Treatment for cystic fibrosis has changed significantly in the past decade. A new class of drugs can alter the way the disease progresses in the body. Known as CFTR modulators, these medications directly impact the defective CFTR protein that causes cystic fibrosis. They can enhance or restore function in patients with this condition. The problem, however, is that these drugs don’t work for everyone.

“Between 10% to 20% of patients with cystic fibrosis have a genetic mutation that prevents them from having access to CFTR modulators,” says John Brewington, MD, a Cincinnati Children’s pulmonologist involved in cystic fibrosis research. “That means these therapies may not work for them. This group hasn’t really been studied, however, because their genetic mutations are rare.” This is where Cincinnati Children’s researchers are stepping in. They are actively involved in identifying ways to help children who fall into this category.

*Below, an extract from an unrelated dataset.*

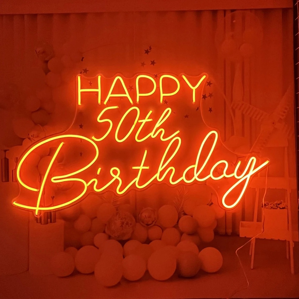 Neon Sign Happy Birthday Custom Neon Sign 50th Birthday Gift Home Decoration Party Customized Neon Sign Neon Sign Wall Decor

Identifying Effective Medications Through Theratyping

For children with cystic fibrosis, one of the most confounding and critical questions is “Will this CFTR drug work for this patient?” Cincinnati Children’s is one of 13 National Resource Centers using funding from the Cystic Fibrosis Foundation to find the answers. However, Cincinnati Children’s is the only institution using a method called theratyping. It’s a process that investigates which genetic mutations respond to certain CFTR modulators. To do this, they test various CFTR modulators on cell samples collected from patients with rare mutations, looking for any improved protein function.

“We have a two-sided goal. From the scientific standpoint, we’re continuing to learn more about the biology of these particular defects within this population,” Brewington says. “On the other side, we are generating these data and trying to get it back out to care teams so they can provide a pathway for patients to get the appropriate drugs.”

To date, his team has collected nasal swab samples from 150 patients with these rare genetic variants. Using culture media rich with antibiotics and antimicrobials, they grow the samples into two models and treat them with available CFTR modulators, as well as ones that aren’t yet on the market. Around 60 samples have responded to treatment, resulting in 40 patients getting access to effective CFTR drugs they otherwise could not use. “This is impacting patient care,” he says. “As a clinician, it’s really rewarding to see.”

Using Mouse Models to Study Genetic Variations

Genetic mutations to the CFTR protein can be tricky, making lung disease associated with cystic fibrosis develop in a variety of ways. In fact, people who have the same genetic mutation—even siblings—can develop cystic fibrosis and have very different outcomes. TGF beta is a genetic modifier that drives more severe cystic fibrosis-related lung disease. It isn’t clear how TGF beta makes lung disease worse in children with cystic fibrosis, but some patients with the disease develop airway hyperresponsiveness—the airway smooth muscle in their lungs becomes twitchy and contracts easily. As a result, they lose lung function more quickly, have more respiratory illnesses, and develop asthma-like diseases. Preliminary research indicates that TGF beta may influence this airway hyperresponsiveness. Unfortunately, right now it’s unclear which therapies are best for these patients. With funding from the Cystic Fibrosis Foundation and National Institutes of Health, Elizabeth Kramer, MD, Ph.D., co-associate director of Cincinnati Children’s Clinical Cystic Fibrosis Center, is currently using a mouse model to investigate why TGF beta creates worse lung disease. Her goal is to develop therapies that target specific defects in CFTR function.

“We want to really tailor therapies to what’s going on in a person’s body and the defects that are there,” she says. Through tests, she’s discovered mice with delta F508 mutations, the most common gene mutation linked to cystic fibrosis, who are also introduced to TGF beta develop abnormal signaling pathways in their lungs. Their airway smooth muscle develops airway hyperresponsiveness. The same thing happens in human cells.

“We’re seeing a lot of those same abnormal signaling pathways in the human cells in the dish that we’re seeing in the mouse model,” she says. “That’s a good indication that this is important. It’s something that’s probably happening in humans, and we need to better understand it to target that pathology.”

Through these models, she says, her team can identify the pathways that are involved in creating these smooth airway muscle problems. They need to go further, though, to potentially reduce the symptoms patients experience.

“We’ve identified how TGF beta drives the worsening of this defect, and we’ve identified some large pathways that are altered in cystic fibrosis,” Kramer says. “But we need to dig deeper. We need to better understand how the epithelium and the smooth muscle communicate in the lung and how that might drive pathology because nothing is in isolation in the human body.”